DATASET EXCERPT START
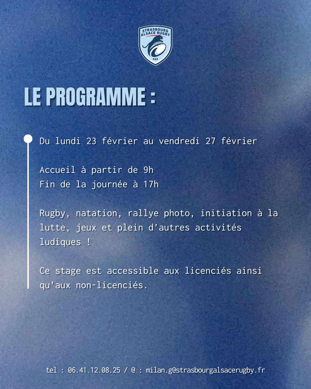 Le SAR est ravie de proposer des stages multisports pour les vacances de février ! Au programme ? Rugby, lutte, jeux de balles, piscine et bons moments ! Il est encore temps de s’inscrire : https://docs.google.com/forms/d/e/1FAIpQLSdnISeI37OFNOBuD5njrkhZjCFpLKHHyONqIU1J2y6-WTzZjw/viewform
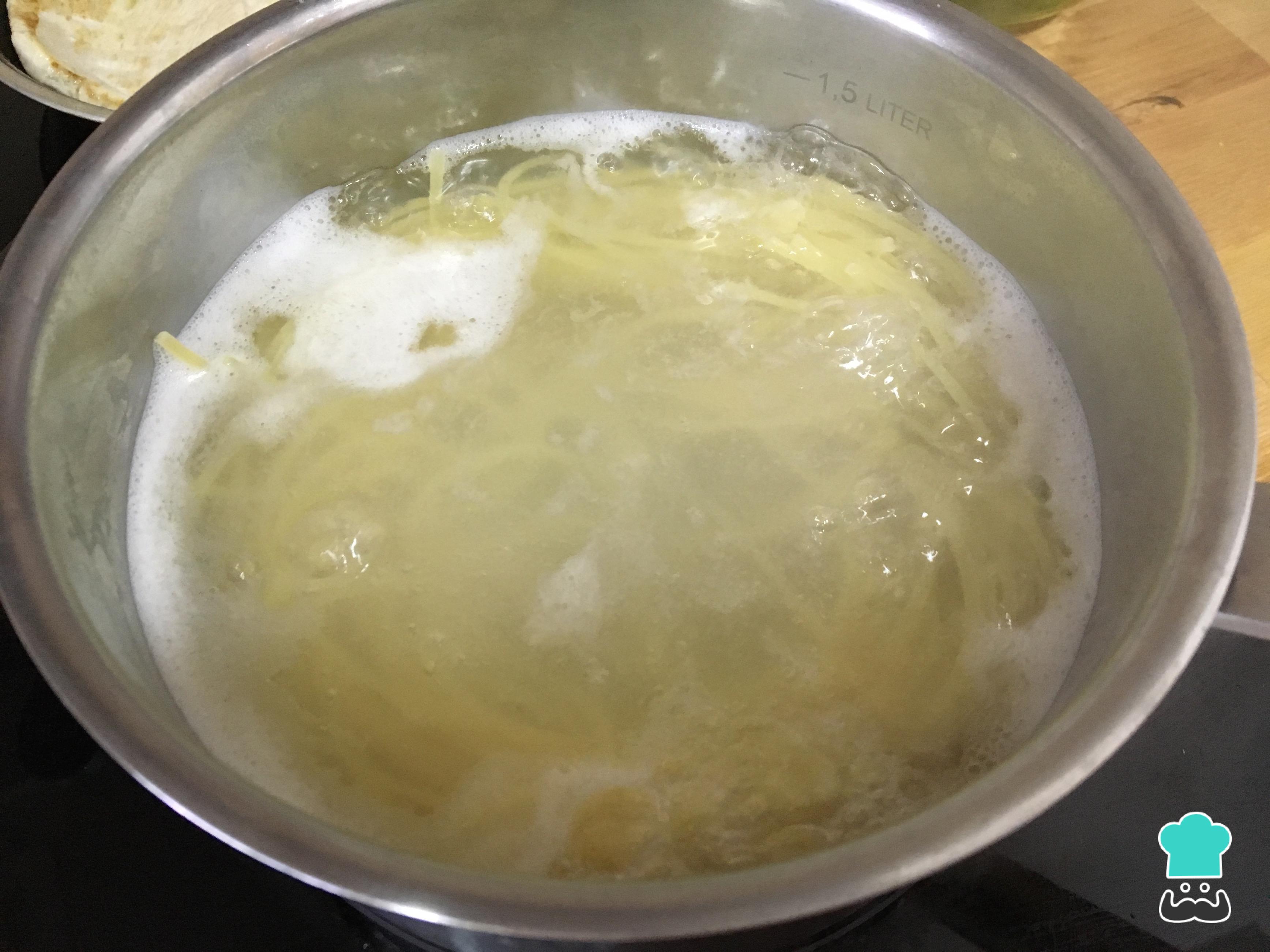 Mientras tanto, cocemos los espaguetis en abundante agua hirviendo con un poco de sal.
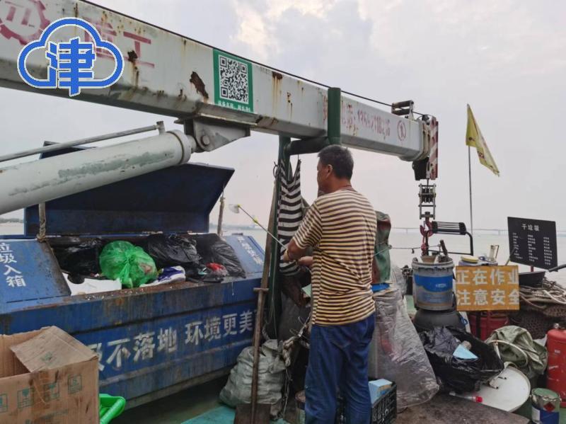 夫妻俩的工作范围覆盖整片荆州港,途中每一艘停泊的船只,他们都要靠近询问,有无需要转运的垃圾。得到船员的应允后,陈景旭会慢慢行驶船只靠近目标,再将缆绳套在两船之间。待准备工作就绪,他穿好救生衣,踩着清运船顶爬到另一艘船上,把需要转运的垃圾递给等待的妻子。
DATASET EXCERPT END
▶ [EXERCISE PROMPT]
Please return the whole listing exactly. Do not copy its images.

▶ [SOLUTION]
 Le SAR est ravie de proposer des stages multisports pour les vacances de février ! Au programme ? Rugby, lutte, jeux de balles, piscine et bons moments ! Il est encore temps de s’inscrire : https://docs.google.com/forms/d/e/1FAIpQLSdnISeI37OFNOBuD5njrkhZjCFpLKHHyONqIU1J2y6-WTzZjw/viewform
 Mientras tanto, cocemos los espaguetis en abundante agua hirviendo con un poco de sal.
 夫妻俩的工作范围覆盖整片荆州港,途中每一艘停泊的船只,他们都要靠近询问,有无需要转运的垃圾。得到船员的应允后,陈景旭会慢慢行驶船只靠近目标,再将缆绳套在两船之间。待准备工作就绪,他穿好救生衣,踩着清运船顶爬到另一艘船上,把需要转运的垃圾递给等待的妻子。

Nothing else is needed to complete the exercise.